けどここで考えてほしい。子どもの頃と同じ環境のまま、はたして心を成長させれるだけの器が自分にあるのかと。

学校が小学校から中学校に、高校から大学に変わったのと同じ感覚で社会人になり、家に帰れば母親の作った飯がある。これで自立心は育つんだろうか。

 

「他人の大家に家賃入れるくらいなら実の親にお金落としたいから」

 

こう言う実家野郎にはこう返すことにしている。

 

「他人に落とす金で、自立心と自立心を育てる孤独を買うんだよ。みんな」

 

一人暮らし、最初はさみしいものだ。風邪をひいて熱を出しても一人。会社でいやなことがあっても一人。くらい部屋で一人テレビを点けたまま何かをはじめようと震えても、一人。

休日なんかはもっとさみしい。下手すれば目覚めた瞬間から寝るまでの間、一言も言葉を発さないなんてことだってある。僕は一時期、あまりに気が狂いそうで金曜の帰り道に近所のツタヤで映画を10本くらい借りてきて、週末マラソンのように映画を見続けていた時期が1年くらいある。恐ろしくたくさんの映画を見たはずなのに、現実逃避を主たる目的にしていたため各作品のディティールがほとんど心に残っていない。

 

と、まあ、友人や恋人のいない一人暮らしはえてしてさみしい。

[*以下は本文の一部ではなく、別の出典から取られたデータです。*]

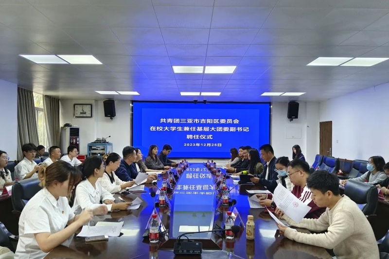 为落实团中央基层建设部对大学生社区实践计划的部署和海南省工作指引要求,进一步强化共青团校地合作,引领大学生踊跃投身社区基层治理建设。12月25日,我校团委与团吉阳区委在吉阳区政府第一会议室举行海南热带海洋学院在校大学生兼任基层大团委副书记聘任仪式。团吉阳区委书记高驰主持会议。我校有8名学生被聘任为基层大团委兼职副书记。
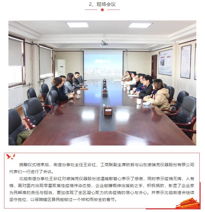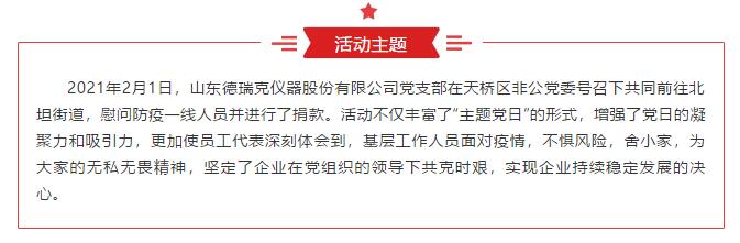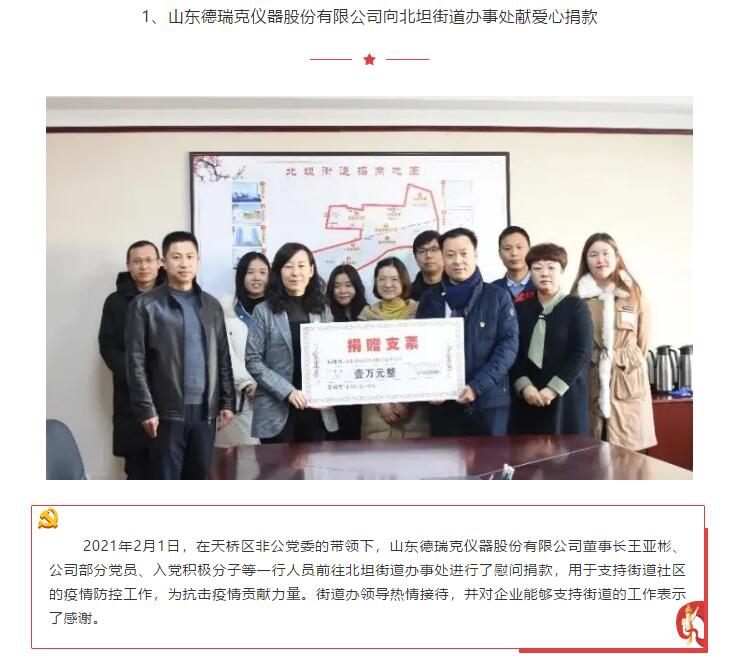 凝聚黨心 共同抗疫:山東德瑞克儀器股份有限公司黨支部響應天橋區非公黨委號召向街道奉獻愛心
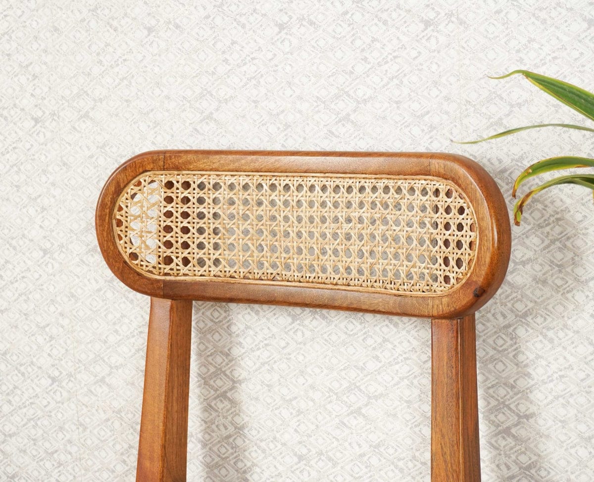and style. Featuring a durable wooden frame and a woven cane or rattan backrest

これが原因でアル中になる僕のような人間や、SNS中毒から出会い中毒になりセックス中毒になる人間がたくさんいる。

 

でもね、そういう「日常の孤独」みたいなものをしっかり体験する下地があるからこそ、赤の他人なのに日常や孤独を共有できる恋人ができたときにそのありがたみが身に染みると思うのだ。

会社から帰る電車の中で、どうでもいい日常のトピックスを語り合える相手がいるということは幸せなことだ。

 

結論、親とずっと一緒にいると大抵の場合マイナス要素がどんどんふえてくよ、ということ。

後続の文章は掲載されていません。